Graham Nayler wrote:
I finally got around to looking at this. I think I'm even more confused. Not sure where you got the idea I'm comfortable with the source ... I've looked at the 4.3 sources trying to get rid of warnings and get it working, but the only thing that did was remind me just how many years it's been since I did any C programming. My eyes glazed over a bit with your python too, I haven't invested any time in that language yet.ShawnI'm not using SPLITNCV as I wanted a bit more flexibility in the format of the status report (I wanted to have comment line, single colons not delimiting values etc.), but am using an external script. You may find my earlier reply herehttp://www.hswn.dk/hobbiton/2008/10/msg00159.html useful though.With the external script mechanism you don't need to restart Hobbit if your test generates additional indexes, only if you add new tests. I'm not entirely sure whether SPLITNCV works the same although it looks OK - but you sound perfectly at home with the source, so have a look at that (do_ncv.c). If you're interested, I attach my parsing script to the end of this - enter the test name list and change the regex for your needs. The commented lines were from when I was using a single RRD file for all indices, but that doesn't give the flexibility of displaying multiple graphs, or adding additional indices.

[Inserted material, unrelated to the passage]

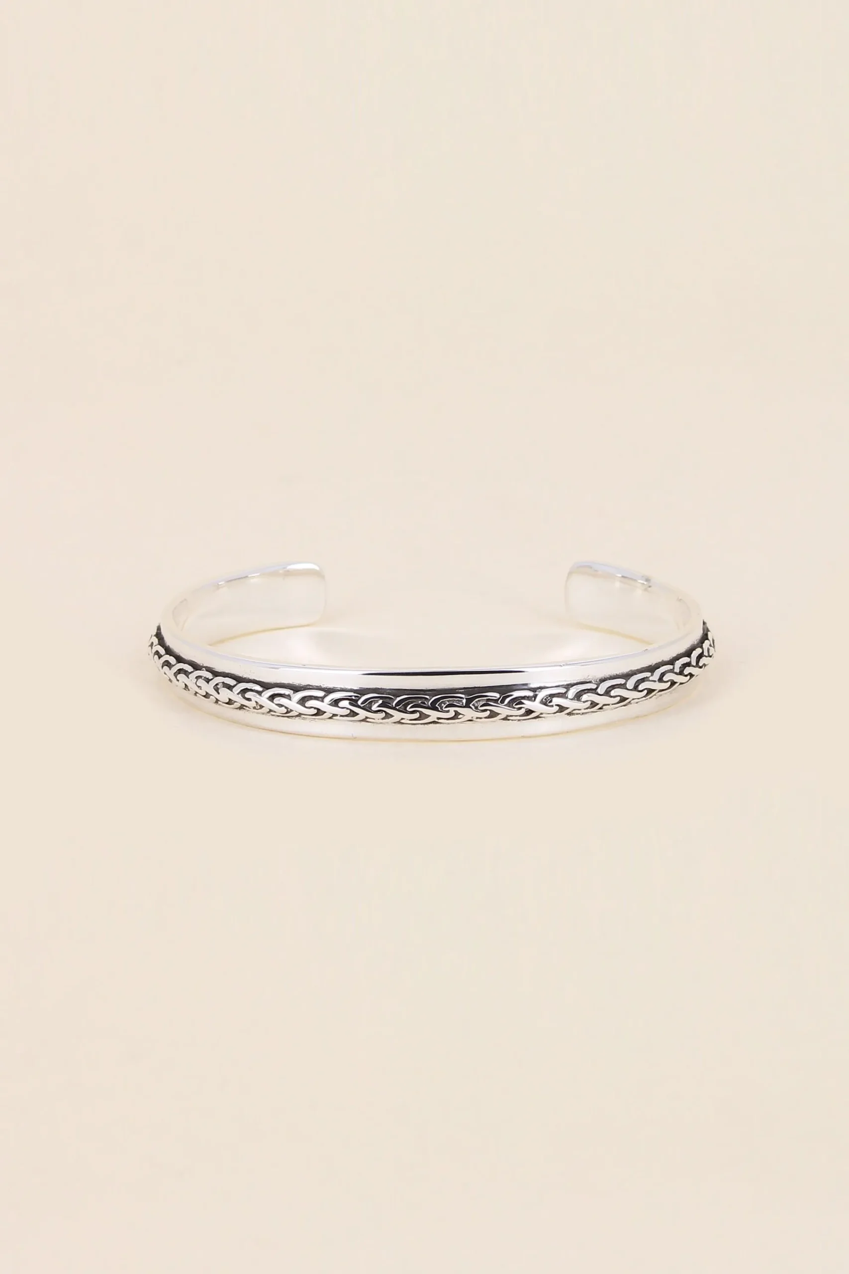 Bracelet Chaine Rigide Homme Nicky En Laiton Plaqué Argent

I'll start at the beginning and tell everyone what it is I'm trying to do and the difficulties I'm facing. This is an attempt to monitor a multi-server EasyAsk search index at a remote data center, to which I have no back-end connectivity. The systems have no way to reach the Internet. I wouldn't have designed it that way; it is an acquisition company. I can log onto them by making an ssh connection to a gateway server that has a NIC in the remote LAN, and there are public-facing webservers that also can reach it. We are going to move everything out of the data center within the next six months, so I have no plans to redesign the network until it is moved to headquarters.
The data is generated by a CGI script running on the public facing webserver pair, which an external server-side shell script on Hobbit is retrieving with wget. The CGI script queries the search broker and each individual index server. It notes the total number of records held by each index server, adds them all up, and compares that value to the number of records reported by the broker. It also records how long in milliseconds each query takes. It's basically a machine-readable rewrite of a script that produces a pretty status page. We can't watch the values on that page 24/7, so I want to graph them to watch for problems.
I didn't go with the external script idea because the RRD docs say it doesn't scale well. I was hoping that NCV or SPLITNCV would handle it easily. I am leery of implementing things that don't scale well - I've been bitten in the past because the boss liked what he saw on something I'd hacked together without thought to performance and wanted to deploy it everywhere.
What I'd like to see is a series of graphs, the first of which should have the total count and the broker count, then a graph with just the difference. Then I'd like to have graphs that work like the disk graphs, where it aggregates the individual broker counts. Following that, another series of graphs that aggregate the response times.
I think it might be easier to implement and easier to read if have four separate columns on the host entry, something like i_totals, i_diff, i_counts, and i_time.
Forgetting about scalability, are there good examples for how to accomplish this, or a kind soul willing to guide me through the process? I can tweak the CGI script and the script on Hobbit that calls it in any way required.